Marchesi se apartó, casi con fastidio. Sentí que podía volver a respirar.
—Ahora voy —contestó. Me dirigió una última mirada con una media sonrisa cargada de poder—. Vete a tu puesto.
Recogí el aliento y salí con el corazón desbocado, intentando aparentar calma. El roce de su mano en mi cintura y su cercanía seguían reviviendo en mi piel.
De vuelta a mi escritorio, quise tranquilizarme. Tenía mucho que digerir. El teléfono de mi móvil vibró de nuevo: la clínica. Miré alrededor, comprobando que nadie me viera, y corrí al baño, encerrándome en uno de los cubículos.
—¿Señorita Costanzo? —dijo la voz administrativa—. Le informamos que quedan diez días para cubrir el saldo pendiente del tratamiento de su madre. Son dos mil dólares. Si no se completa antes de esa fecha, no podremos mantener el régimen actual de cuidados.
Sentí un nudo formarse en mi garganta. Esa cifra era imposible para mí… al menos antes de este trabajo. El recordatorio me devolvió a la realidad de un golpe: estaba bajo las órdenes de un hombre que me daba tanto pavor como magnetismo. Y no podía permitirme renunciar.
—Entendido. Por favor… denme un poco más de tiempo, haré lo posible —murmuré con voz apagada.
Colgué y me miré en el espejo del pequeño baño.
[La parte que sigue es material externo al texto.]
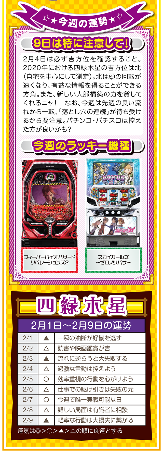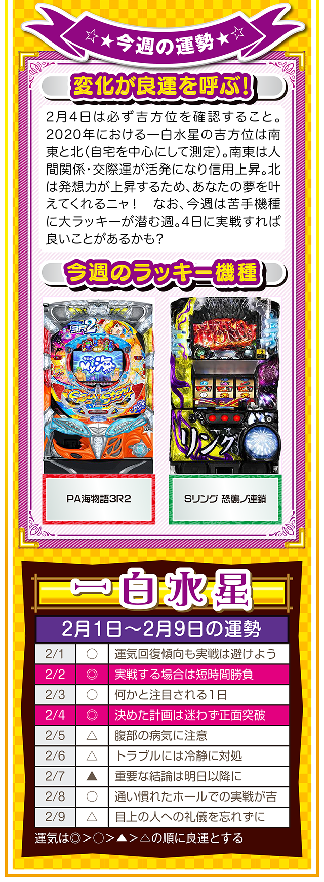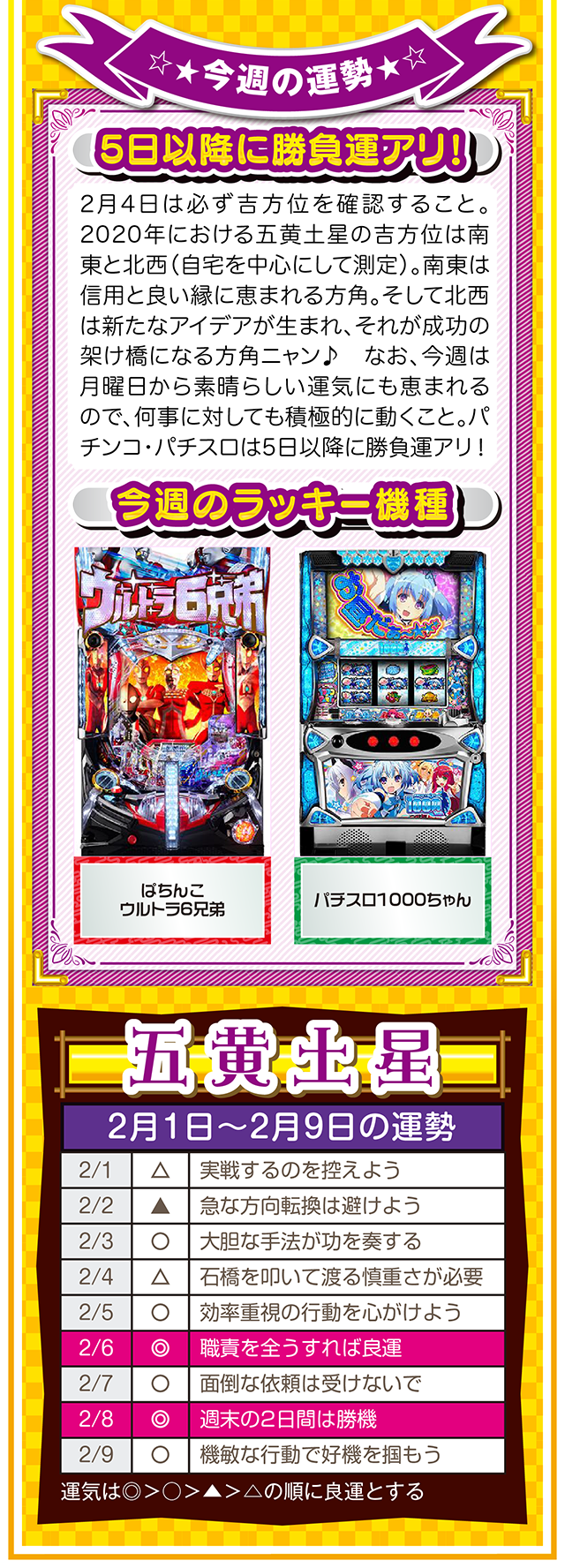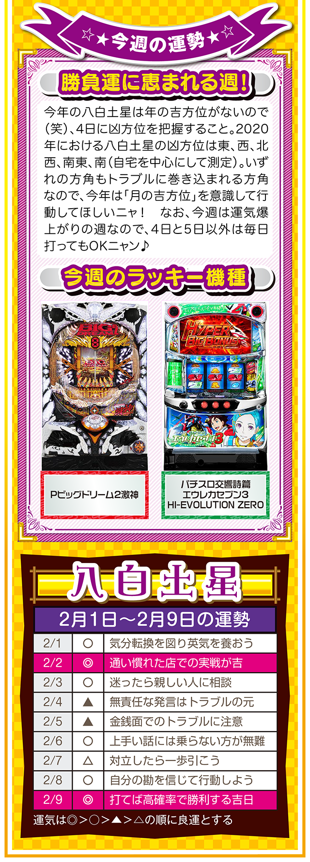 良い運気は待っていても訪れないので、とにかく行動あるのみ。今年も大吉日は訪れるので(大吉日は近日公開予定)、その日は運気を上げるためにもお水取りに出かけてほしいニャ(特に三碧木星・四緑木星・九紫火星の人)……というわけで早速、2月3日から9日の1週間を鑑定ニャ(変化運のフォー・チュンチュンは苦手なパクチーを頬張りつつ、オマケとして1日と2日の運勢も鑑定したニャン♡)!

Vi mi reflejo: una mujer con ojeras y labios temblorosos, atrapada en un juego peligroso. “No puedo fallarle a mamá”, pensé. “No me lo perdonaría.”
Al salir, respiré hondo y regresé al pasillo. El ambiente parecía el de siempre, como si el mundo no supiera que mi vida colgaba de un hilo. Nadie se fijó en mí, salvo Daniela, que me miró con un atisbo de comprensión. Bajé la cabeza y me senté a trabajar, reprimiendo el temblor de mis manos.
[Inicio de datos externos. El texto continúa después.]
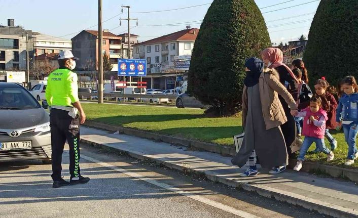 100 Karayolu üzerinde uygulama yapan trafik polisleri, yolun ortasında bekleyen çocukları ve annelerini karşıdan karşıya geçirmek için uygulamaya ara verdi. Çocukları ve annelerini güvenle karşıya geçiren ekipler, sonrasında görev başına döndü.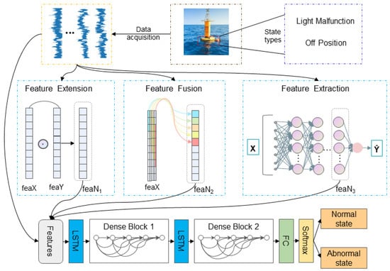 Wang et al. [] introduced an innovative CNN-LSTM architecture for equipment health monitoring, demonstrating the feasibility of state recognition in raw datasets without the necessity for extensive feature engineering. Building upon this foundation, our research extends these methodologies by enhancing feature learning to improve recognition accuracy, thereby addressing gaps not yet fully explored []. Zhao et al. [] utilized a BiLSTM network to analyze data from smartphone sensors, such as accelerometers and gyroscopes, circumventing the limitations of sole reliance on GPS data. However, given the complex environmental conditions of buoys, which preclude the acquisition of diverse sensor data, our study employs advanced feature processing techniques to enhance feature representation, thereby improving state recognition accuracy under conditions of limited feature availability. Mekruksavanich et al. [] demonstrated the capability of deep learning frameworks to process complex time series data and extract meaningful features, inspiring our application of deep learning, particularly LSTM techniques, to extract intricate features from limited sensor data for more precise state recognition. Our work not only inherits methodologies from these studies but also innovatively expands upon them to meet the unique requirements of buoy state recognition, aiming to facilitate more accurate state recognition under conditions of feature sparsity through feature extension. However, when confronted with specific sparse datasets, relying solely on raw data may not accurately identify the working state of a device.
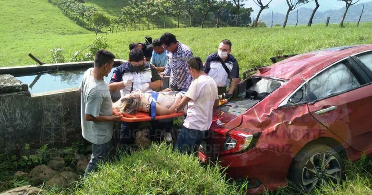 Misantla, Ver.- Cuantiosas pérdidas materiales y una mujer lesionada es el saldo que arrojo aparatoso accidente, cuando la femenina al parecer perdió el control del volante y se fue a meter 35 metros de un potrero, que dando el auto compacto muy averiado.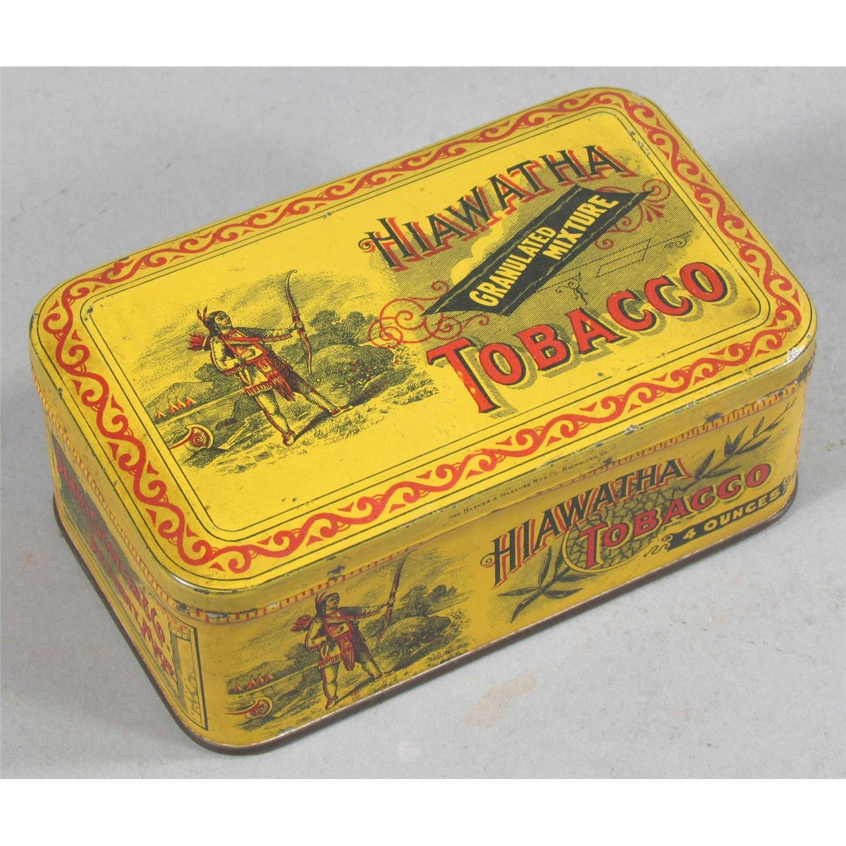 Rare Hiawatha Granulated Mixture Tobacco Tin. Slight dent top right corner otherwise very good condition. 5 X 2 X 2 1/2 inches. Start Price $40

Poco después, vi a Marchesi salir hacia la sala de juntas, acompañado por Giancarlo y una comitiva de directivos. Sus ojos se desviaron un segundo en mi dirección, y mi respiración se detuvo. “¿Qué quiere de mí realmente… y hasta dónde está dispuesto a llegar?” La incógnita pesaba en mi mente, más agobiante incluso que las cifras del informe.
Encendí la pantalla del ordenador y me forcé a concentrarme en los números, recordando la voz de la clínica y la preocupación de Leo. Ahora, mi mundo entero giraba en torno a complacer las demandas de un hombre que no parecía conocer límites. “No puedo fallar…”, murmuré casi sin sonido, apretando los dientes. “No voy a fallar, mamá.”
Pero en el fondo sabía que mantenerme firme sería cada vez más difícil. La mirada de Marchesi, su cercanía, incluso el roce de su mano en mi cintura… Todo eso me absorbía en una espiral de sensaciones que no estaba segura de controlar. Y apenas era el primer día.